From c25631ec7b4c8d5ff4f23b9bf0b13954c81632e0 Mon Sep 17 00:00:00 2001
From: wangxiyuan <wangxiyuan1007@gmail.com>
Date: Thu, 13 Mar 2025 17:57:06 +0800
Subject: [PATCH] [Doc] Add the release note for 0.7.3rc1 (#285)

Add the release note for 0.7.3rc1

Signed-off-by: wangxiyuan <wangxiyuan1007@gmail.com>
---
 .../developer_guide/versioning_policy.md      | 20 +++++-----
 docs/source/faqs.md                           |  1 +
 docs/source/tutorials/multi_node.md           |  6 ++-
 docs/source/tutorials/single_npu.md           |  2 +-
 .../source/tutorials/single_npu_multimodal.md |  2 +-
 docs/source/user_guide/release_notes.md       | 30 ++++++++++++++-
 docs/source/user_guide/supported_models.md    | 26 +++++++------
 docs/source/user_guide/suppoted_features.md   | 38 +++++++++----------
 8 files changed, 81 insertions(+), 44 deletions(-)

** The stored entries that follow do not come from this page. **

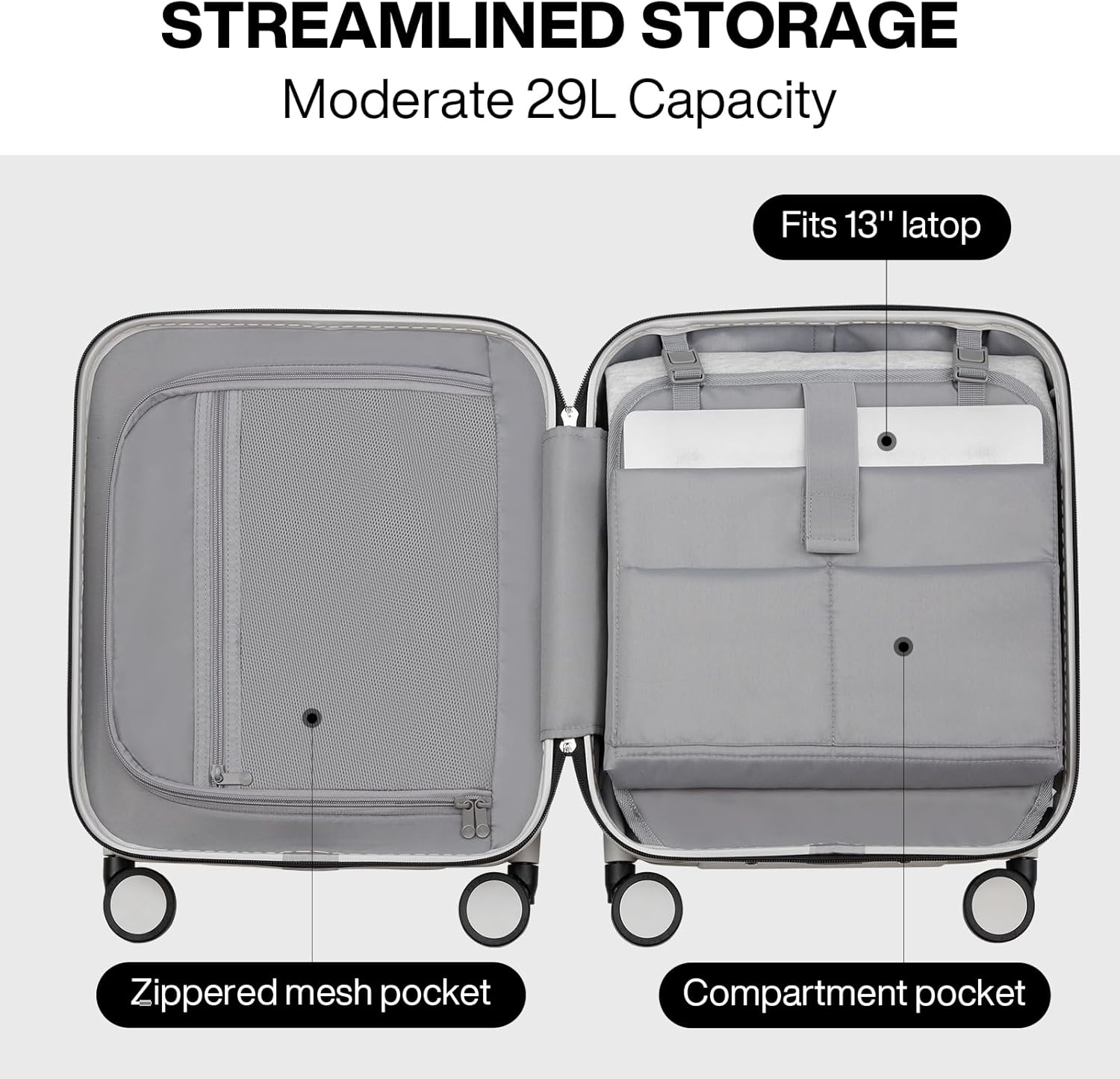 mixi Underseat Carry on Luggage 16 Inch Hardshell PC Suitcase with Spinner Wheels TSA Lock for Travel, Smoke White
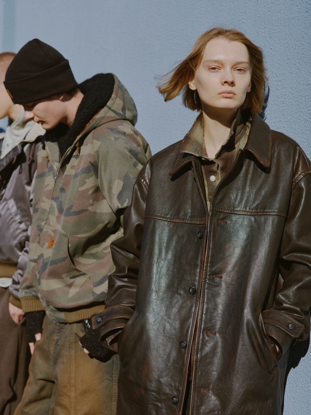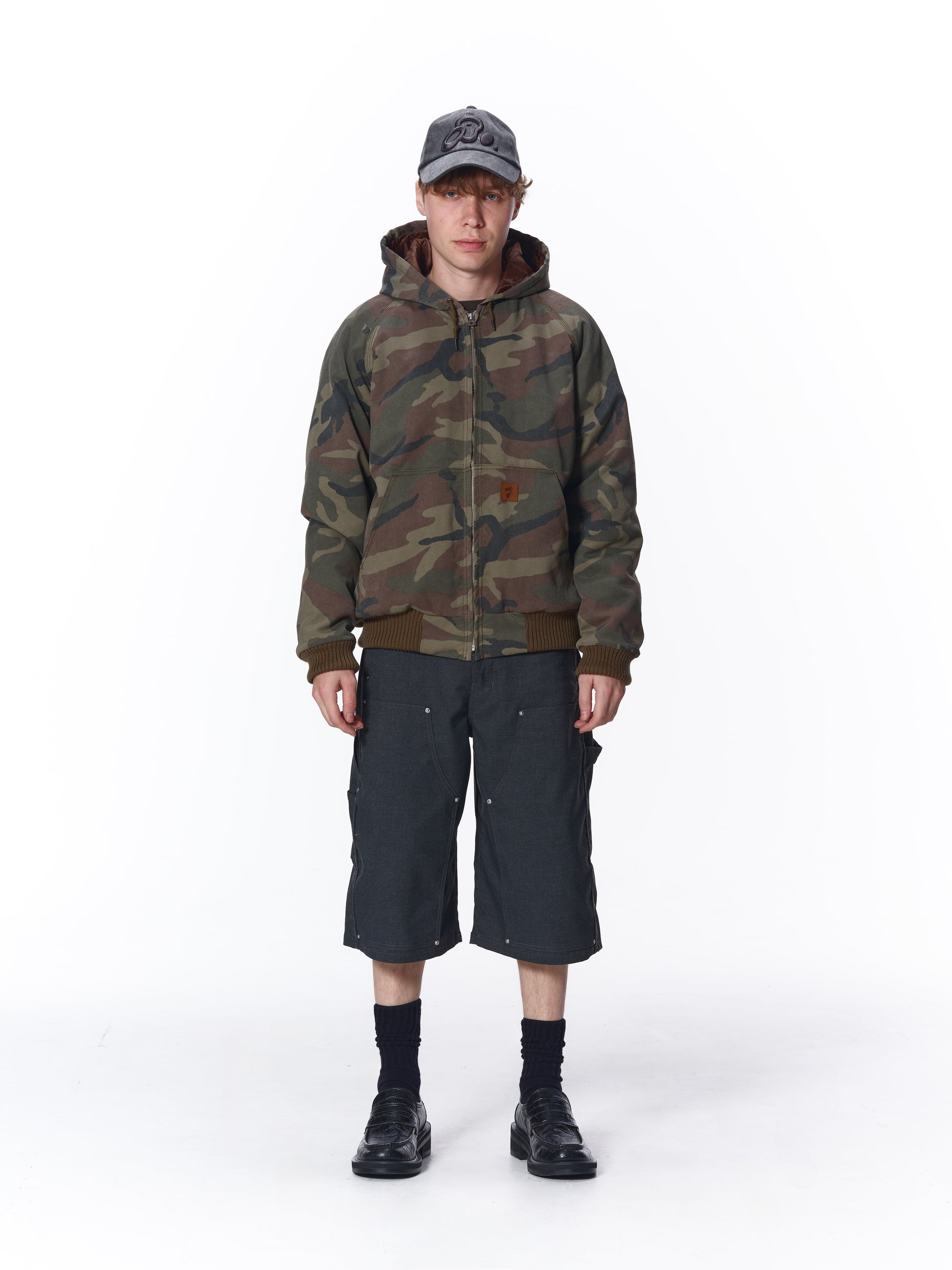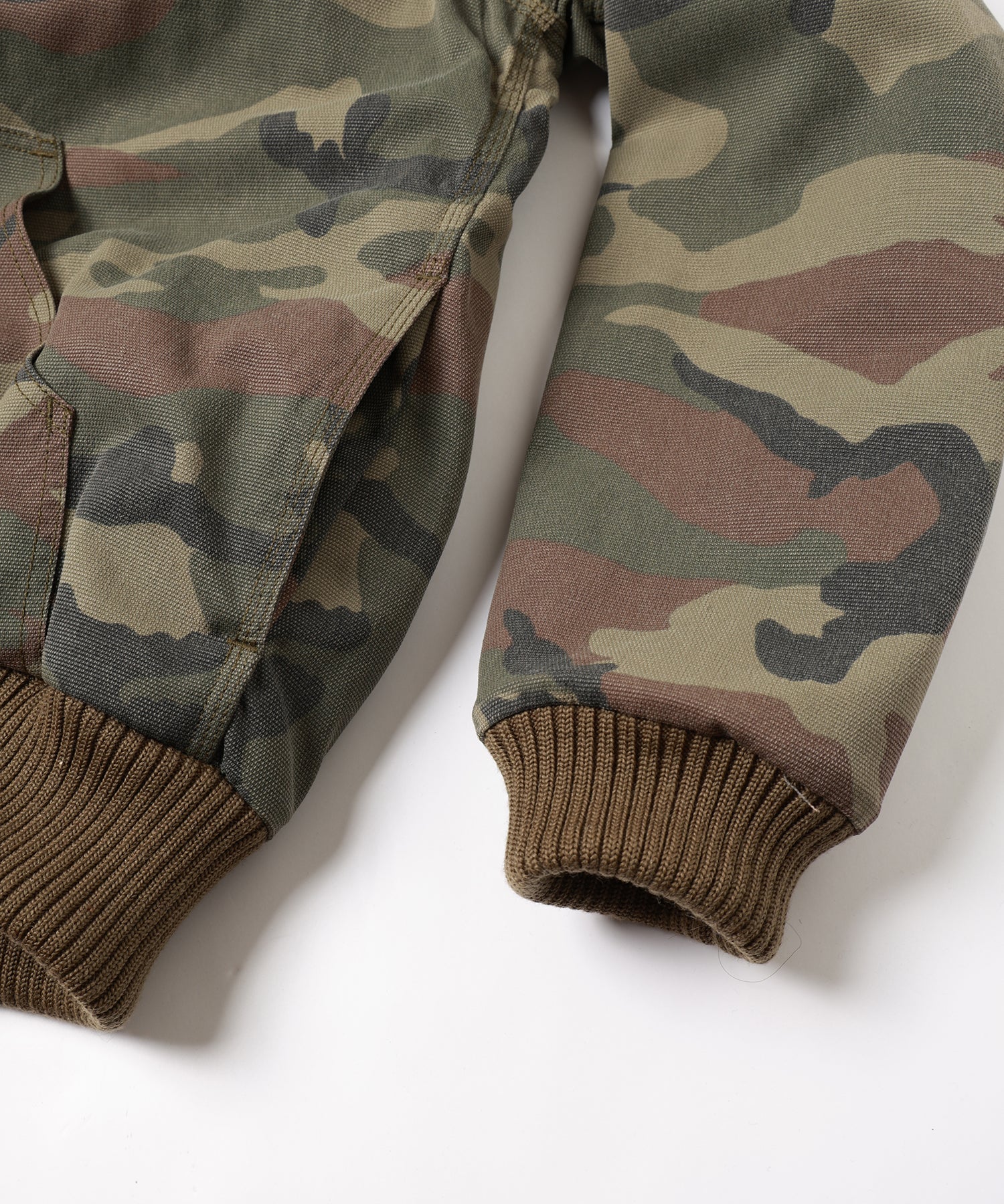 カモ柄の生地に顔料染めを施し、ヴィンテージのような風合いに仕上げた1着。
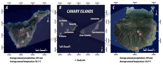 Map of the Canary Islands (B) with the location of the facilities studied in Tenerife (A) and Gran Canaria (C).
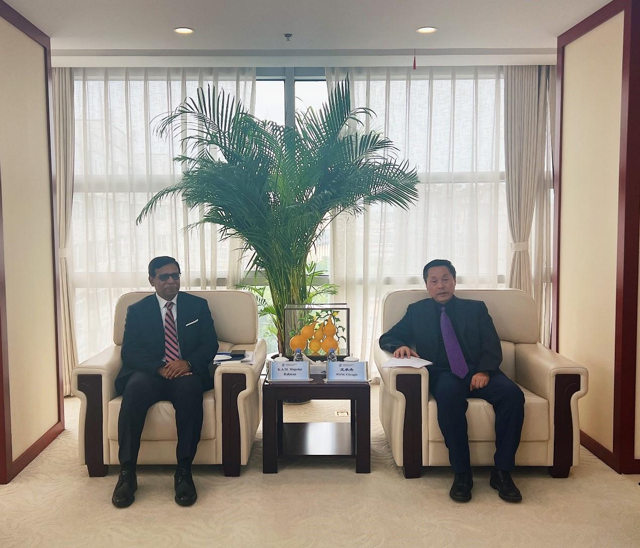 王承杰對K.A.M. Majedur Rahman來訪表示熱烈歡迎,并回顧了機(jī)構(gòu)間近年來的合作情況。他表示,兩機(jī)構(gòu)長期保持友好關(guān)系,雙方于2021年簽署合作協(xié)議,先后通過人員互訪、仲裁員互薦等方式開展了卓有成效的交流。隨著“一帶一路”倡議的深入實(shí)施,中國與南亞地區(qū)經(jīng)貿(mào)往來日益頻繁,當(dāng)事人對高質(zhì)量爭議解決服務(wù)的需求不斷提升。貿(mào)仲持續(xù)優(yōu)化服務(wù)、積極拓展國際合作,機(jī)構(gòu)公信力和國際影響力不斷增強(qiáng)。同時(shí),貿(mào)仲近年來著力推進(jìn)數(shù)字化建設(shè),通過打造智慧仲裁平臺和集成化官網(wǎng),更好地滿足數(shù)字時(shí)代的爭議解決需求。王承杰表示,作為中孟兩國具有代表性的仲裁機(jī)構(gòu),貿(mào)仲與孟加拉國際仲裁中心應(yīng)進(jìn)一步深化合作,共同為兩國乃至南亞地區(qū)當(dāng)事人提供更加優(yōu)質(zhì)的爭議解決服務(wù),推動(dòng)區(qū)域經(jīng)貿(mào)合作與發(fā)展。

diff --git a/docs/source/developer_guide/versioning_policy.md b/docs/source/developer_guide/versioning_policy.md
index 3ba5908..2e09801 100644
--- a/docs/source/developer_guide/versioning_policy.md
+++ b/docs/source/developer_guide/versioning_policy.md
@@ -5,7 +5,7 @@ Starting with vLLM 0.7.x, the vLLM Ascend Plugin ([vllm-project/vllm-ascend](htt
 ## vLLM Ascend Plugin versions
 
 Each vllm-ascend release will be versioned: `v[major].[minor].[micro][rcN][.postN]` (such as
-`v0.7.1rc1`, `v0.7.1`, `v0.7.1.post1`)
+`v0.7.3rc1`, `v0.7.3`, `v0.7.3.post1`)
 
 - **Final releases**: will typically be released every **3 months**, will take the vLLM upstream release plan and Ascend software product release plan into comprehensive consideration.

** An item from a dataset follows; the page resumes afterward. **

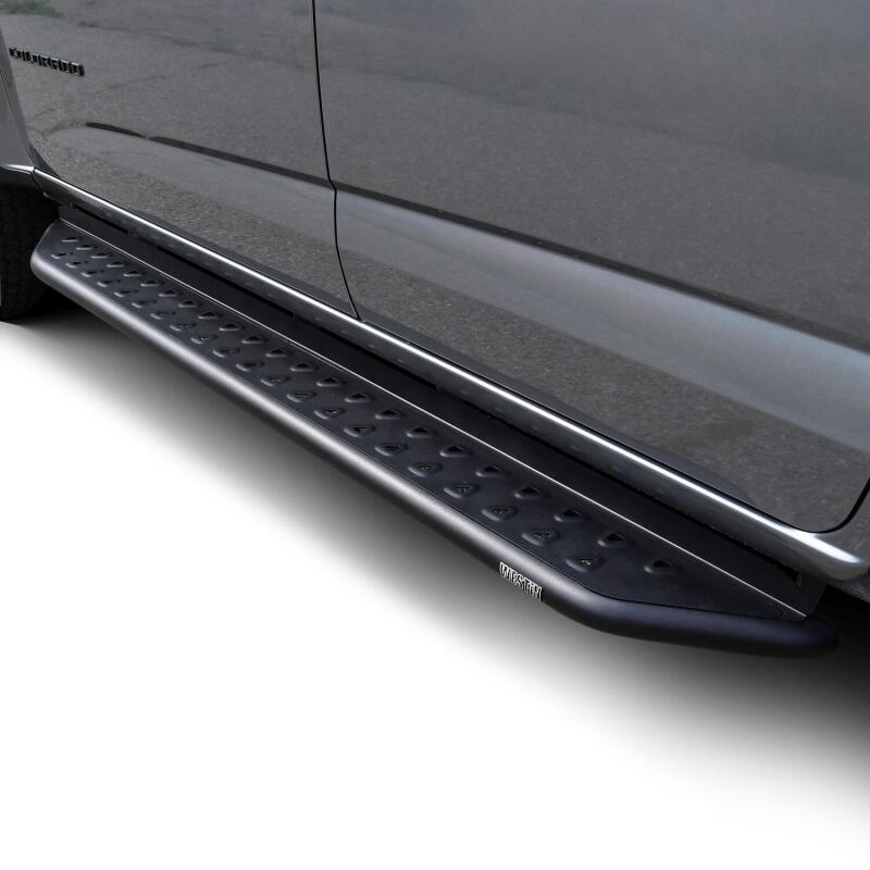 Upgrade your vehicle's functionality and style with Westin's Outlaw Running Boards - a superior upgrade for your truck, Jeep or SUV. Engineered from robust 2in. diameter tubing, these running boards are crafted to endure the toughest conditions, ensuring maximum durability for your adventurous journeys. The robust tubing construction is combined with a 16-gauge steel top step surface plate. Outlaw Running Boards provide a sturdy platform for stepping in and out of your vehicle and are designed to withstand daily wear and tear. Westin Outlaw Running Boards are designed with integrity in mind and help to protect your vehicle rocker panels from potential damage, among other advantages (read about them here). These steel boards fit snugly against the rocker panels and have a unique low-profile design that looks both aggressive and clean. These redesigned Outlaw Running Boards are a superior upgrade from previous Outlaw Nerf Step Bar designs that lacked rock rails and utilize a sleek single-tube design that provides double-thick durability. But it's not all about looks and durability. Safety matters, and the coarse dimple-stamped textured step area enhances slip resistance, providing you and your passengers with a secure footing, even in wet or muddy conditions. Installation is made simple with all necessary hardware and mounting brackets included. Available in a textured black powder coat finish with an electrostatic base coat, these running boards offer long-lasting corrosion protection. They'll maintain their durability and sleek appearance for the long haul. Outlaw Running Boards look good, and stay that way. They're a must-have addition for enthusiasts and everyday drivers alike, all backed by Westin's full 3-year warranty. Order yours today.. Electrostatic base coat provides long lasting corrosion protection. Fits tight to rocker panel for a solid fit and rugged look. Retractable License Plate Holder Conceals Receiver Hitch. Equipped With Mount Points For Optional Auxiliary Lights. Westin 15-24 GMC Canyon Crew Cab Outlaw Running Boards. Optional Class III/IV Hitch Available. Sold Separately. Available For Vehicles With Or Without Backup Sensors. Protects vehicle rocker panels from potential damage. Available in textured black powder coat finish. Coarse textured step area for slip resistance. 2” diameter tubing for maximum durability. Bolt-On Installation; No Drilling Required. Hardware and mounting brackets included. Outlaw Running Boards;Textured Black;. 16-gauge steel top step surface plate. Unique dimple stamped top plate. 2 In. Diameter Tube Frame. 2in Diameter Steel Tube. Outlaw Running Boards. Mount Kit Included. Running Board Set. Running Boards. Textured Black. RNNGBRDS
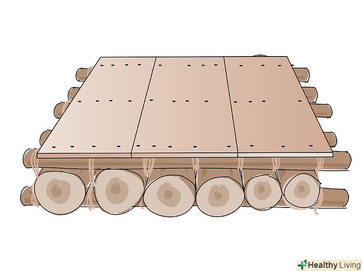 Додайте палубу. легкі жердини можна додати зверху для того, щоб сформувати палубу, яка допоможе вам, вашим попутникам і спорядженню зберегтися в більш сухих умовах.

 - **Pre releases**: will typically be released **on demand**, ending with rcN, represents the Nth release candidate version, to support early testing by our users prior to a final release.
@@ -13,15 +13,15 @@ Each vllm-ascend release will be versioned: `v[major].[minor].[micro][rcN][.post
 
 For example:
 - `v0.7.x`: it's the first final release to match the vLLM `v0.7.x` version.

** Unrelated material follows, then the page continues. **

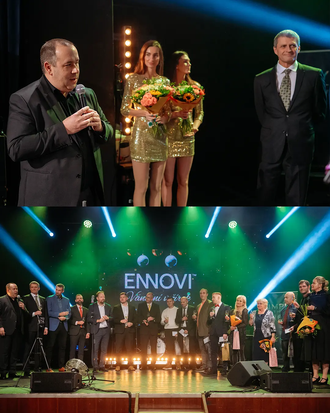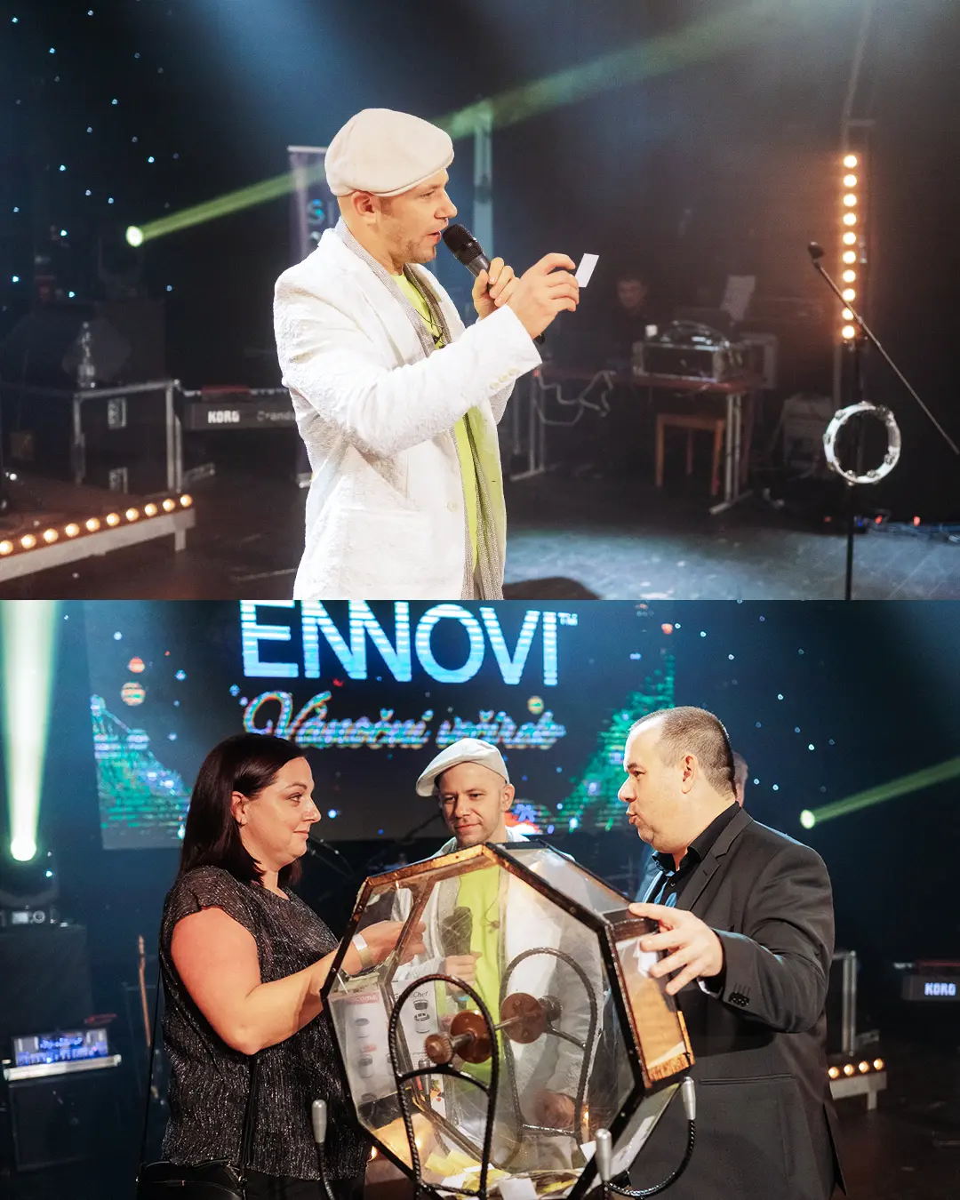 Stejně jako u řady událostí jsme i u zmíněného večírku společnosti ENNOVI zajišťoval nejen hudební produkci a moderování, ale i kompletní technické řešení večera – zvuk, světla a LED obrazovku, jejíž součástí byla i video show synchronizovaná s naší hudební produkcí. Toto spojení hudební show a technického zajištění dlouhodobě nazýváme PREMIUM SHOW a vzniklo přirozeně z praxe: jeden sehraný tým, jeden koncept vyladěný do detailů, snadná komunikace s jediným realizačním týmem i plynulý průběh celé akce.

-- `v0.7.1rc1`: will be the first pre version of vllm-ascend.
-- `v0.7.1.post1`: will be the post release if the `v0.7.1` release has some minor errors.
+- `v0.7.3rc1`: will be the first pre version of vllm-ascend.
+- `v0.7.3.post1`: will be the post release if the `v0.7.3` release has some minor errors.
 
 ## Branch policy
 
 vllm-ascend has main branch and dev branch.
 
 - **main**: main branch，corresponds to the vLLM main branch, and is continuously monitored for quality through Ascend CI.
-- **vX.Y.Z-dev**: development branch, created with part of new releases of vLLM. For example, `v0.7.1-dev` is the dev branch for vLLM `v0.7.1` version.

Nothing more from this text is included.